METM09 presentation     Thread: Promising practices

A corpus to go, please!

Anne Murray – Spain

The Internet opened up a whole new world for translators and editors. As cobwebs form on many of our dictionaries and encyclopedias and trips to the local library become a distant memory, we have had to learn how to mine the vast amounts of information available on the Internet. One of the main advantages of the Internet is that it provides instant access not just to words or phrases, but to entire texts about the subject we are working on.

Meanwhile, corpus-guided translation and editing is quickly gaining ground and anybody who works with a corpus (a collection of texts on a specific topic or from a particular source) wonders how they ever managed before. Just as we wonder how we ever managed before the Internet.

Creating a high-quality corpus, however, can be a time-consuming task, as this requires selecting genre-specific texts from carefully selected sources and processing these for use in a concordancer. This investment in effort may only seem worth it if we are doing a big job, work a lot in the same field, or decide we would like to start building a specialist corpus. Many translators and editors, however, move from subject to subject and even from field to field and many of the texts we do are short. In an age where “time is money”, we might think twice before spending a few hours creating a corpus for a 500-word translation on the benefits of mohair socks.

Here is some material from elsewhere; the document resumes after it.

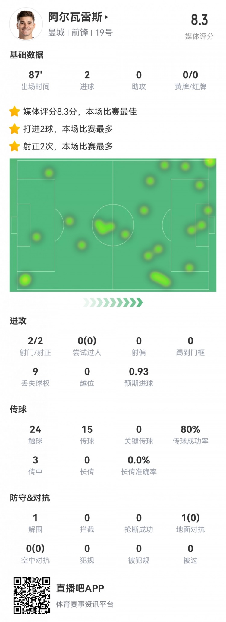 2月1日讯 本轮英超曼城3-0伯恩利,迎来自己24岁生日的阿尔瓦雷斯完美发挥上演梅开二度,球员全场重点数据如下↓2射2正2粒进球预期进球0.9324次触球传球成功率

In this short presentation, I will describe a web-based tool (BootCaT) that harvests the web to create a downloadable corpus in a matter of seconds or minutes, depending on how much information we want. It is by no means a perfectly clean corpus, but it can certainly help resolve doubts and gives plenty of leads for further investigation.

 

Anne Murray is a freelance translator and author’s editor based in a village in Catalonia’s wine country, near Tarragona, Spain. She has a degree in translation and is currently enrolled in the European Medical Writers Association Professional Development Programme. She is also MET’s Membership Chair.